Exercise instructions —
Repeat the data that follows exactly, starting at the line with "铜 玻璃 书房 现代简约 台灯 731-1T" and ending at the line with "Pisaliśmy o tym", and leave out every picture.

Records drawn from a dataset —
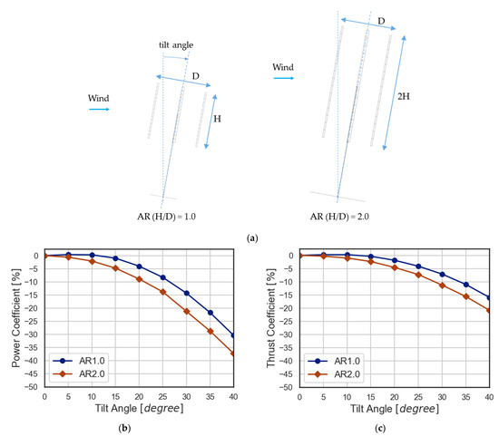 A FAWT is built with the assumption that its rotor will be at a 20-degree tilt underrated operation; and for Model 2 were estimated to assess the tilt effect on VAWT performance. The values are shown in Table 4, and Figure 5 depicts the differences in the upright condition. These results show that the power coefficient slightly increases at a 10-degree tilt for a rotor with a 1.0 aspect ratio. The decrease in at a 20-degree tilt is only 4% from the upright condition. This is because the swept area of the VAWT increases when the rotor tilts to some extent [35]. Concerning the rotor with 2.0 aspect ratio, the decrease in performance at a 20-degree tilt is 10% from the upright condition. The decrease in performance for the 2.0 aspect ratio is larger than that for the 1.0 aspect ratio. This is explained by the fact that the rotor radius contributes to the increase in swept area, which becomes relatively small as the aspect ratio increases.
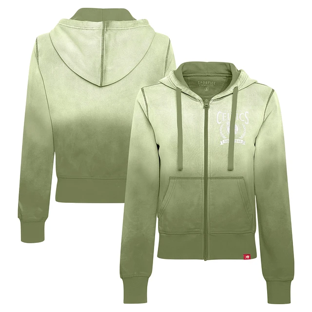 Women's Sportiqe Olive Boston Celtics Carli Sun Fade Full-Zip Hoodie
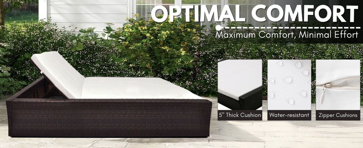 Transform your outdoor space into a luxurious relaxation zone with this Outdoor Wicker Patio Double Seater Recliner Daybed, elegantly designed in dark brown and white to complement any garden, poolside, porch, or backyard setup. Crafted for comfort, style, and durability, this daybed is the perfect blend of function and elegance turning every outdoor moment into a resort-like experience. Built with high-quality, all-weather handwoven wicker, the frame is not only visually appealing but also rust-resistant and UV-protected, ensuring year-round outdoor use. The sturdy construction rests on a powder-coated metal frame that offers excellent weight capacity and long-lasting performance. What makes this daybed stand out is its adjustable reclining backrests, allowing you and your partner or guest to individually customize seating positions from sitting upright with a drink to fully reclining for a mid-day nap. The plush waterproof cushions are soft to the touch and thick enough to provide cloud-like comfort while withstanding unpredictable weather. The white cushion covers are removable and washable, making maintenance a breeze.
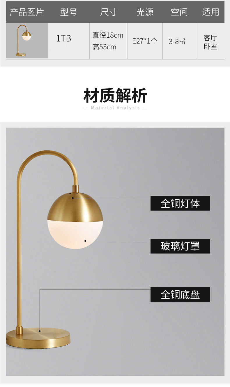 铜 玻璃 书房 现代简约 台灯 731-1T
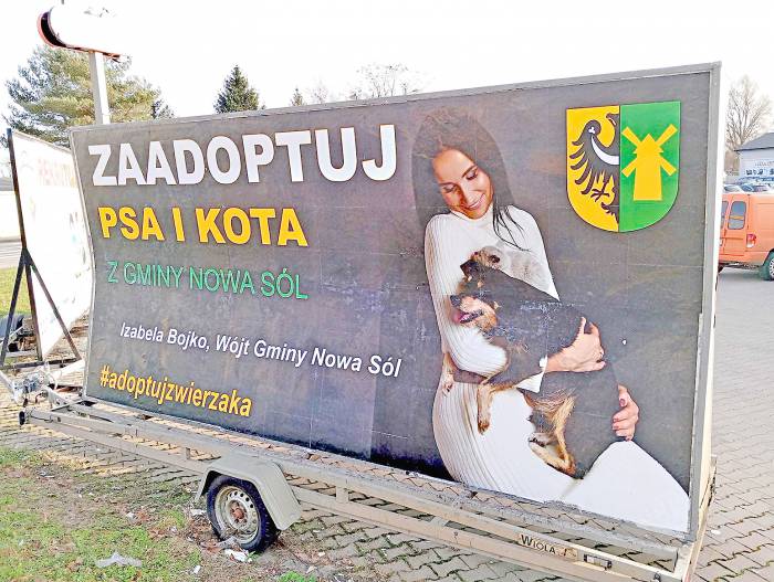 Pisaliśmy o tym w styczniu ub. roku. Opozycja zarzucała wtedy wójt, że prowadzi kampanię za publiczne pieniądze. Bilbordy zostały opłacone z funduszy promocyjnych gminy i kosztowały 2.250 zł. Niektórzy radni twierdzili, że reklama miała za cel jedynie ocieplenie wizerunku wójt. Wkrótce potem okazało się, że pies, którego na zdjęciu tuliła wójt, nie był wcale bezdomny. Nazywał się „Fafik” i należał do Józefy Domrzalskiej, byłej sołtys Starego Stawu. Posłużył jako model.
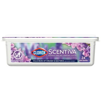 Clorox Scentiva Disinfecting Wet Mopping Cloths combine the trusted cleaning power of Clorox with the captivating scent of Lavender and Jasmine to transform your home. Clorox Scentiva scents are inviting blends that elevate your cleaning experience. Clorox Scentiva mopping cloths for floor cleaning eliminate 99.9% of viruses* and bacteria, including COVID-19** virus, while filling your home with long lasting scents. These Clorox wipes for mopping are bleach free and feature ultra textured fabric that traps 4X more particles, dirt and hair*** and prevent bacteria growth**** for 24 hours. *Pseudomonas aeruginosa, Salmonella enterica, Staphylococcus aureus, Escherichia coli O157:H7, Streptococcus pyogenes, Klebsiella pneumoniae, Influenza Virus Type A2, Influenza Virus Type B when used as directed on hard, nonporous surfaces. **Kills SARS-CoV-2 on hard, nonporous surfaces. ***vs Clorox Disinfecting wipes. ****Prevents odor causing bacteria on non food contact surfaces.Usage Directions: It is a violation of Federal law to use this product in a manner inconsistent with its labeling. To clean, disinfect and sanitize floors: Attach cloth to sweeper head. Mop floor. Use enough cloths for floor to remain visibly wet for 10 sec. to sanitize and for 4 min. to disinfect. Let air dry. No rinsing required. For visibly soiled surfaces, clean excess dirt first. Safe for use on finished wood, laminate, vinyl, linoleum, quartz and glazed tile.Caution Statements: Causes moderate eye irritation. Avoid contact with eyes or clothing. Wash thoroughly with soap and water after handling. FIRST AID: IF IN EYES: Hold eye open and rinse slowly and gently with water for 15-20 minutes. Remove contact lenses, if present, after the first 5 minutes, then continue rinsing eye. Call a poison control center for treatment advice. Have the product container or label with you when calling a poison control center or doctor, or going for treatment.
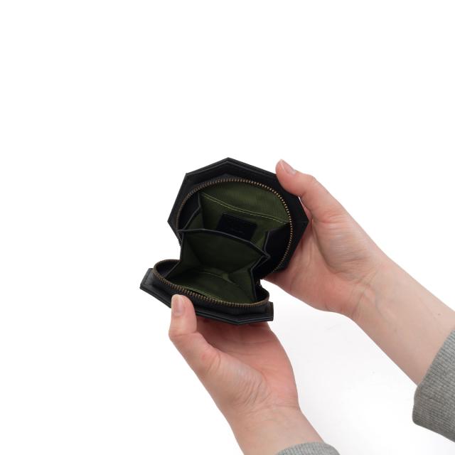 八角形のフォルムがかわいらしいマルチケースです。小銭入れやキーケースとしてお使いいただけます。
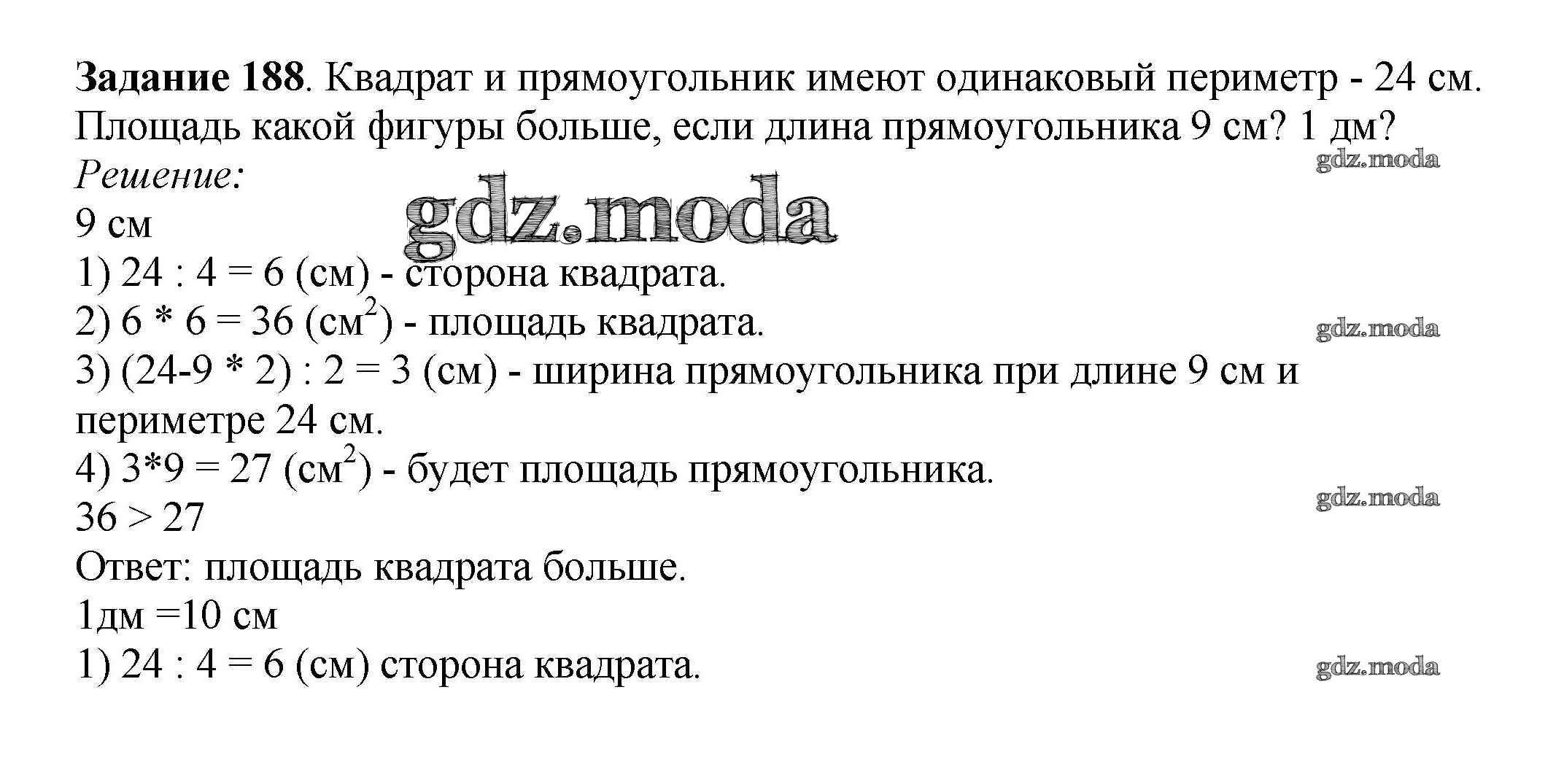 ГДЗ решение к заданию № 188 Математика 3 класс Истомина Н.Б. Ассоциация 21 век 2014 Часть 1, Часть 2 ФГОС бесплатно на гдз.мода!
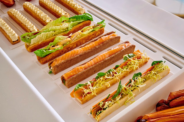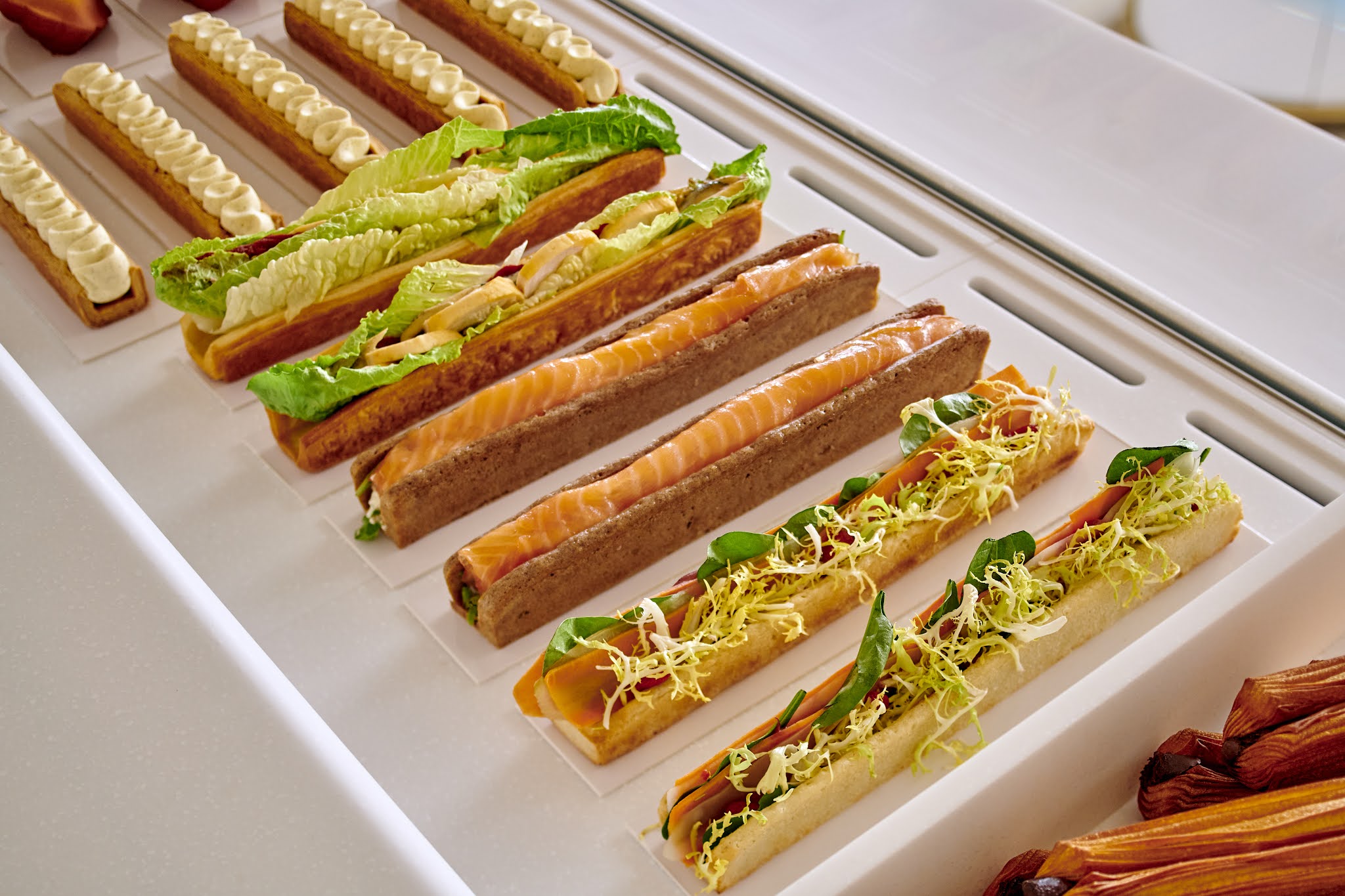 The lunchtime sandwich is available in three elongated variations: the César – inspired by the salad, Perret-style; the Salmon, in a more traditional version with fluffy sliced bread, and the Vegan, a focaccia sandwich with character.
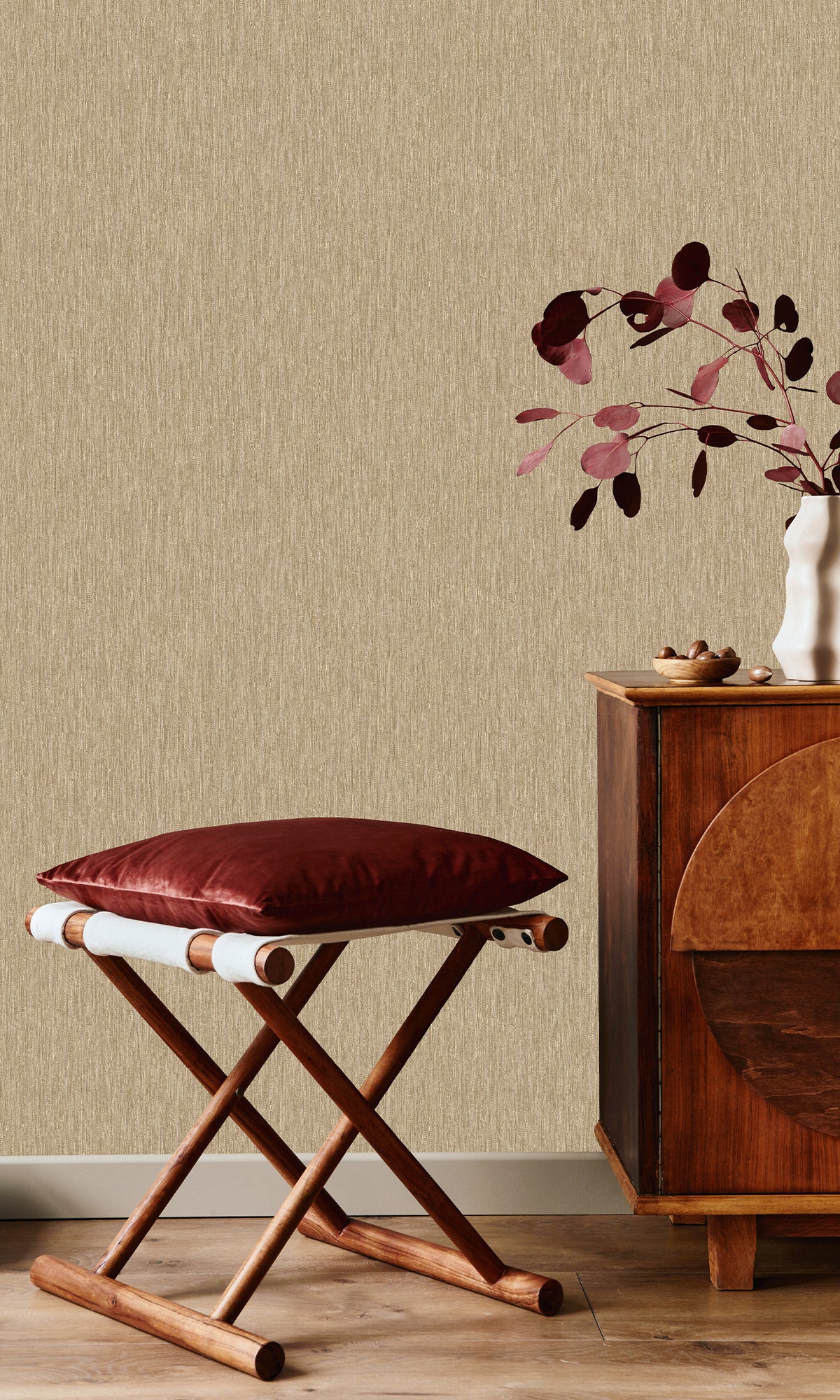 With its abstract, minimalist design that features vertical layers that create a subtle wicker effect, our Wicker Weave textured wallpaper adds depth and a refined tactile quality to your walls. Inspired by the beauty of woven textures along with metallic flecks interspersed throughout the design, it brings the wallpaper to life, reflecting light for a soft, elegant shimmer.
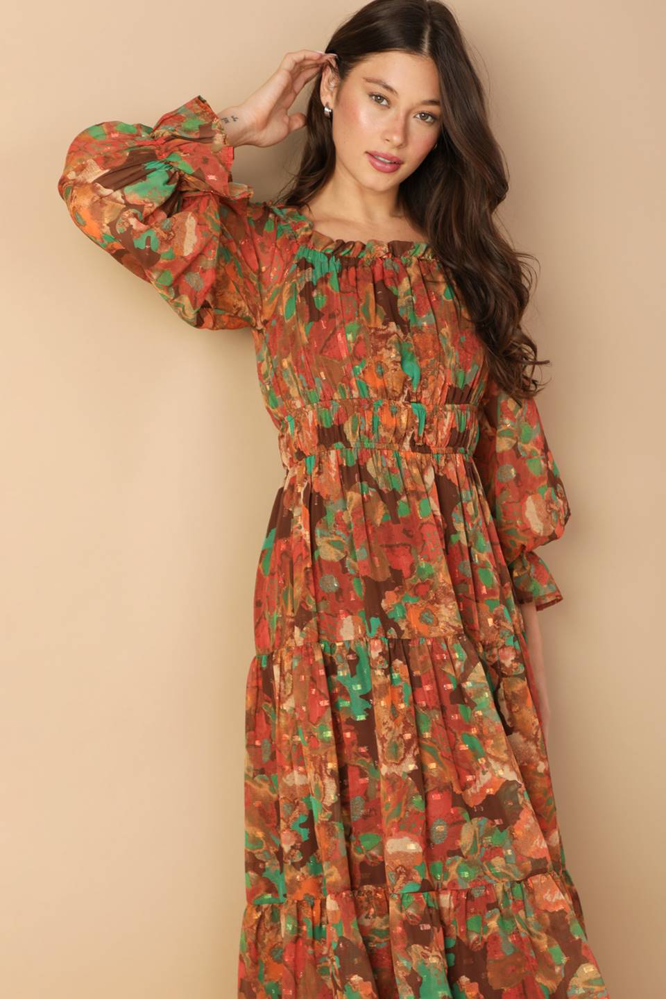 A printed woven midi dress featuring off shoulder neckline with ruffled edge, long sleeve with ruffled cuff, double elasticized waist and tiered skirt

Response box —
 铜 玻璃 书房 现代简约 台灯 731-1T
 Pisaliśmy o tym w styczniu ub. roku. Opozycja zarzucała wtedy wójt, że prowadzi kampanię za publiczne pieniądze. Bilbordy zostały opłacone z funduszy promocyjnych gminy i kosztowały 2.250 zł. Niektórzy radni twierdzili, że reklama miała za cel jedynie ocieplenie wizerunku wójt. Wkrótce potem okazało się, że pies, którego na zdjęciu tuliła wójt, nie był wcale bezdomny. Nazywał się „Fafik” i należał do Józefy Domrzalskiej, byłej sołtys Starego Stawu. Posłużył jako model.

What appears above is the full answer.